HMO vs. PPO

HMO vs. PPO

Many people ask the difference between HMO and PPO healthcare plans. Both products have been in the market for years because they satisfy different types of demands. Your demographic profile, risk factors, preferable healthcare plan, choice of lifestyle, and price range can help you determine whether you should choose HMO or PPO.

Health Maintenance Organization (HMO)

In general, if you want to manage your health in an one-stop shop, Health Maintenance Organization (HMO) is a preferable choice because:

  • You can see your family doctor, go to different floors to see specialists, and pick up your prescription in the same Kaiser building, where you go for your family doctor’s appointment.

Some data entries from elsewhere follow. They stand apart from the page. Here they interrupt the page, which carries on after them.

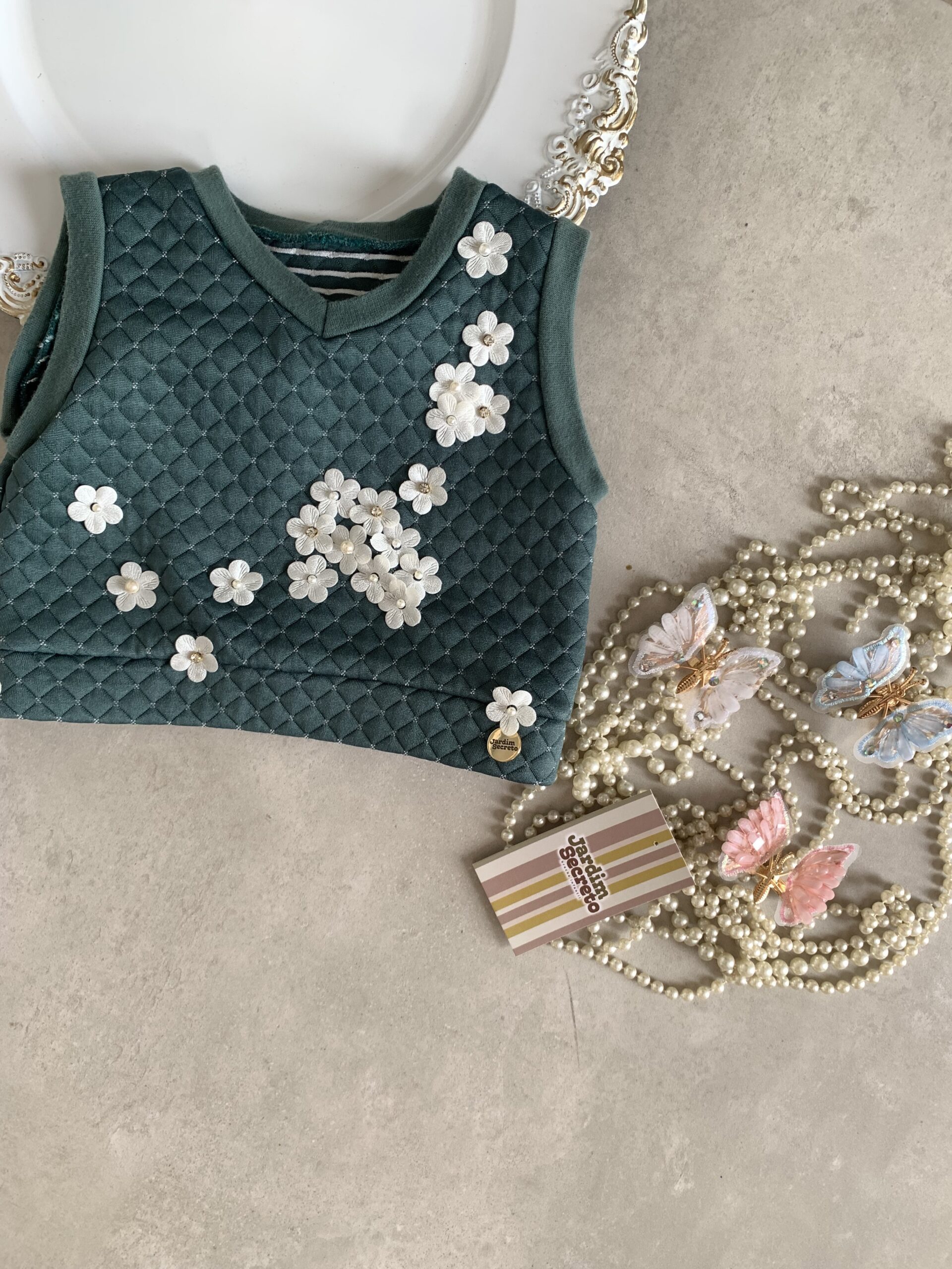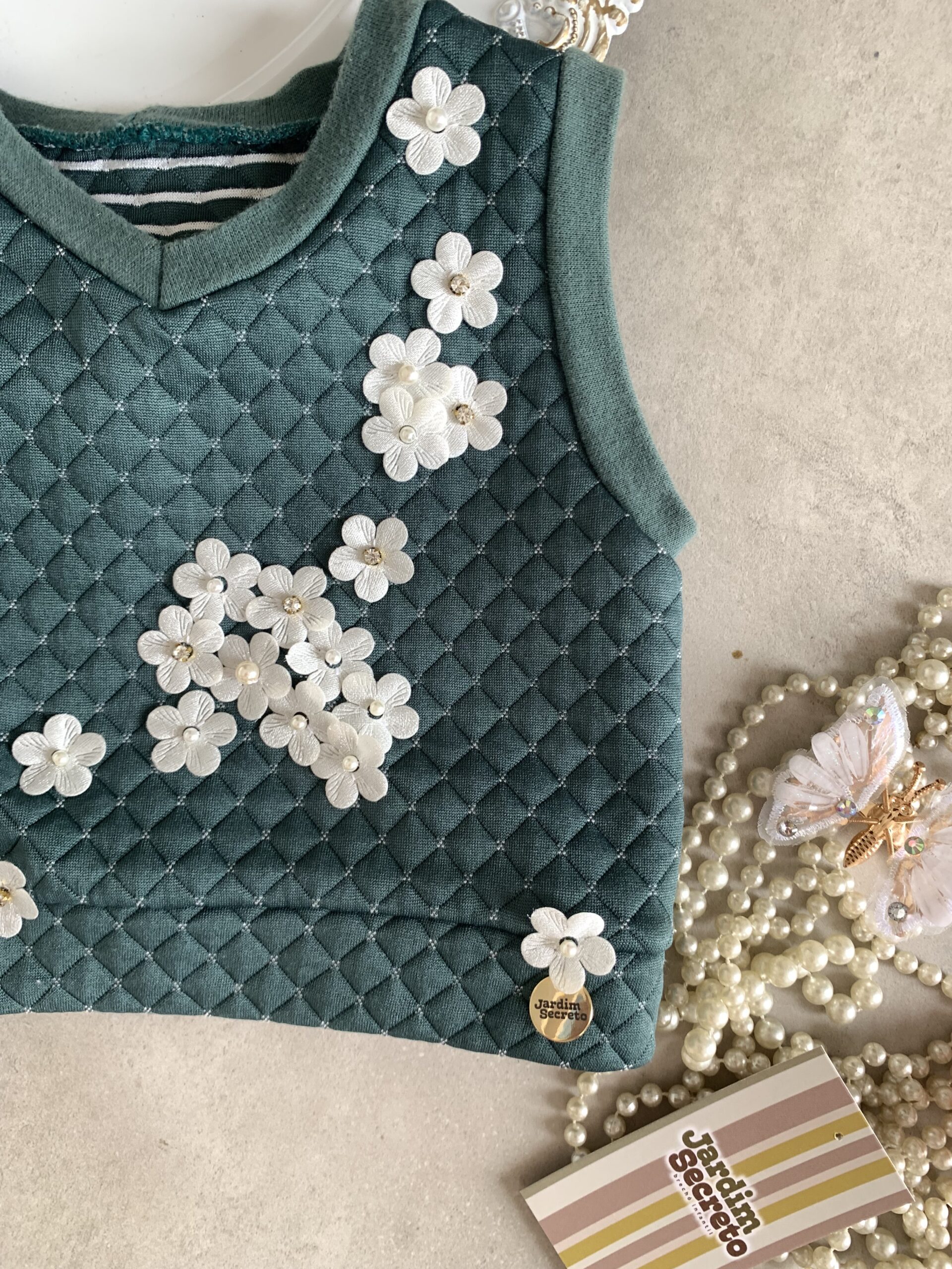 Delicadeza em cada detalhe: o Colete Marina da nossa marca própria Jardim Secreto é uma peça encantadora e cheia de charme. Confeccionado com acabamento encantador, ele traz flores e pérolas bordadas a mão que transformam o look das pequenas. Perfeito para ocasiões especiais ou para dar um toque romântico ao dia a dia, o Colete Marina é uma verdadeira joia do guarda-roupa infantil.
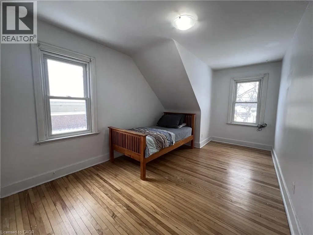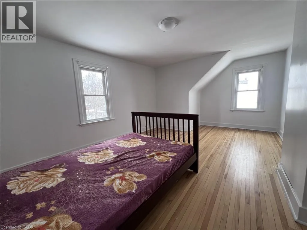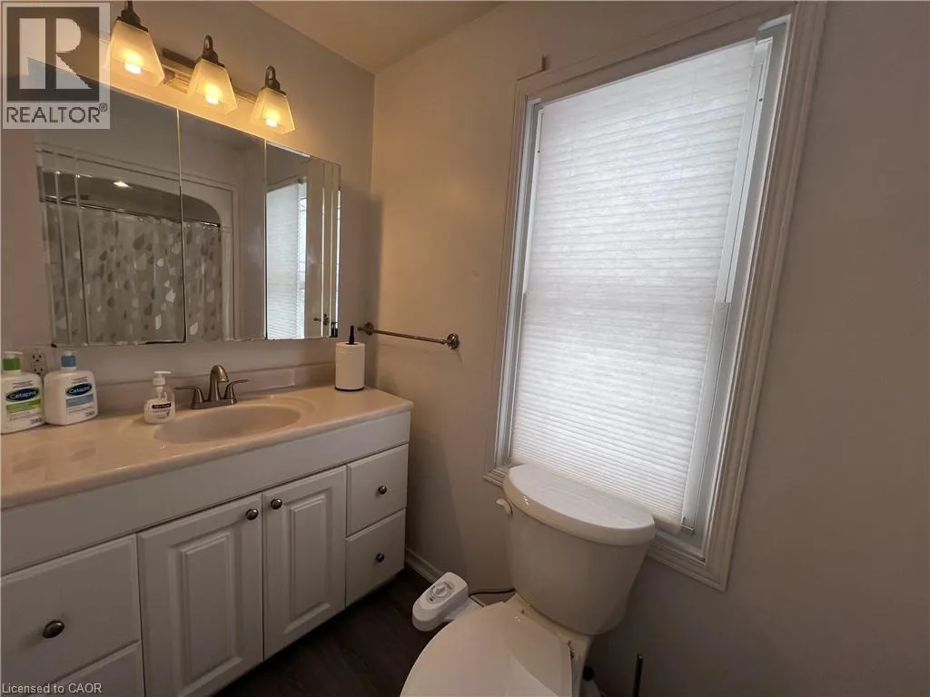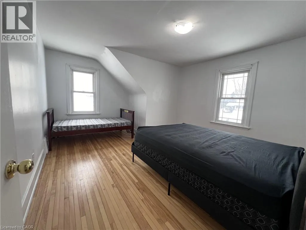 Stay on ON-24 S as it becomes King George Road upon entering Brantford, the destination is on the left. Situated in one of Brantfordâs most sought-after neighborhoods, this unique property offers an exceptional opportunity for homeowners, investors, and developers alike. Zoned for commercial use, it presents a rare blend of comfortable residential living with exciting future development potential. The home showcases natural hardwood flooring throughout and features a classic layout, including a spacious living room, cozy family room, well-appointed kitchen with a breakfast nook, and a 3-piece bathroom on the main floor. Upstairs, youâll find three generously sized bedrooms and a full 4-piece bathroomâideal for family living or potential rental income. Outside, a large front driveway provides ample parking, while the expansive, private backyard offers space for outdoor entertaining, gardening, or future enhancements. A detached garage adds further value with extra storage or potential workshop space. Whether you're a builder looking for your next project, an investor eyeing long-term gains, or a first-time homebuyer with vision, this property combines location, zoning flexibility, and room to grow. Donât miss this versatile and promising opportunity. (id:27476)
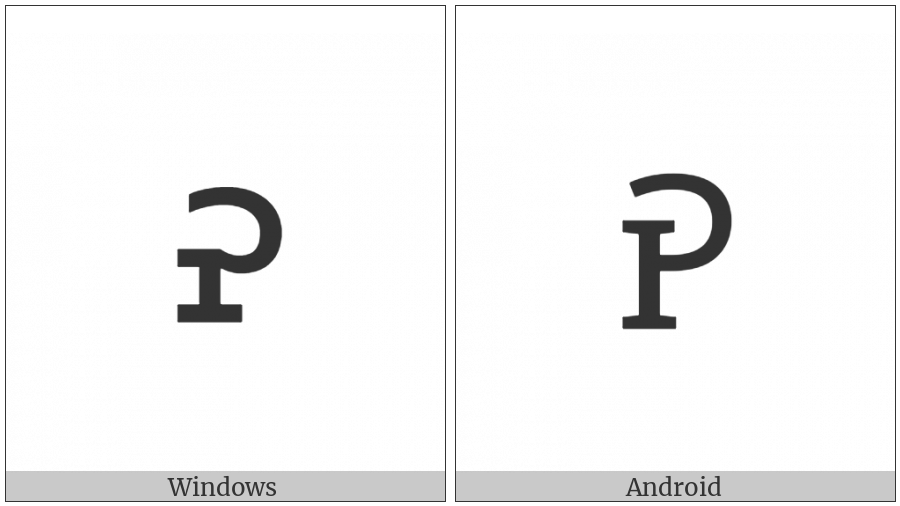 The image below shows how the “Cherokee Small Letter He” symbol might look like on different operating systems. If the font in which this web site is displayed does not contain the symbol and there is no fallback font able to render it, you can use the image below to get an idea of what it should look like.
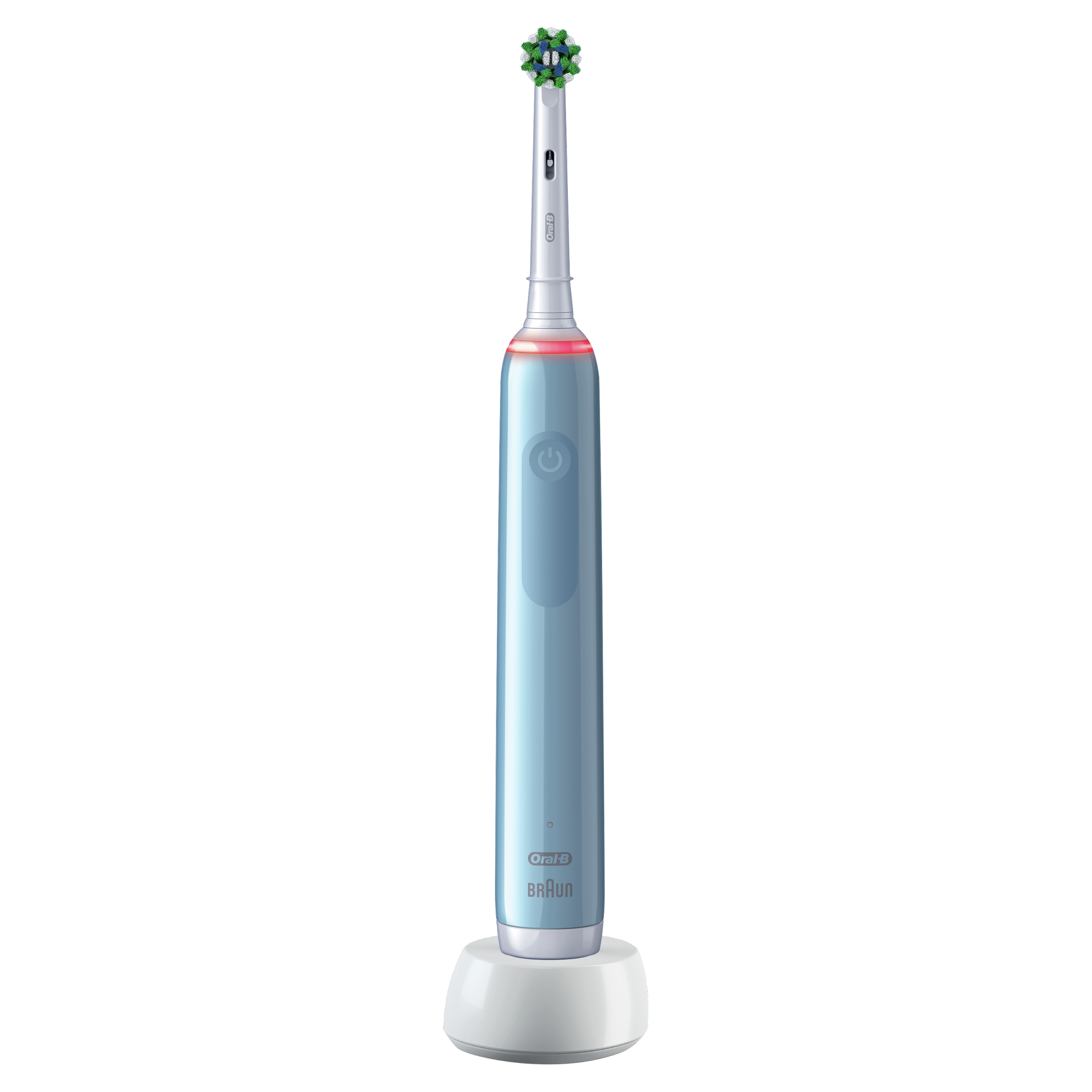 Oral-B Pro 3 ma okrągłą główkę szczoteczki, która owija się wokół każdego zęba z osobna, zapewniając czystsze zęby i zdrowsze dziąsła. Kontrola nacisku w zakresie 360° Zapala się na czerwono i zmniejsza prędkość szczotkowania podczas szczotkowania ze zbyt dużym naciskiem — dla zdrowszych dziąseł.

  • Your primary doctor will manage your treatment plans and prescription by coordinating with other doctors and members in your medical team.

  • You do not have to deal with the medical bills after seeing the doctor because Kaiser employs and pays its own staff with your insurance premium.

"Your demographic profile, risk factors, preferable healthcare plan, choice of lifestyle, and price range can help you determine whether you should choose HMO or PPO."


Preferred Provider Organization (PPO)

Nevertheless, some demand for freedom while they decide which treatments are more suitable. If you prefer to manage your own treatment plan, find specialists in a broader network, and do not mind deal with the medical bills after receiving the medical services, you should consider to enroll in a Preferred Provider Organization (PPO) plan. Your PPO provider, usually a private payer, has built a national network of medical doctors that you can choose. However, since the prices of medical services and drugs are still not transparent these days, you will probably have difficulty to understand the amount you are obliged to pay.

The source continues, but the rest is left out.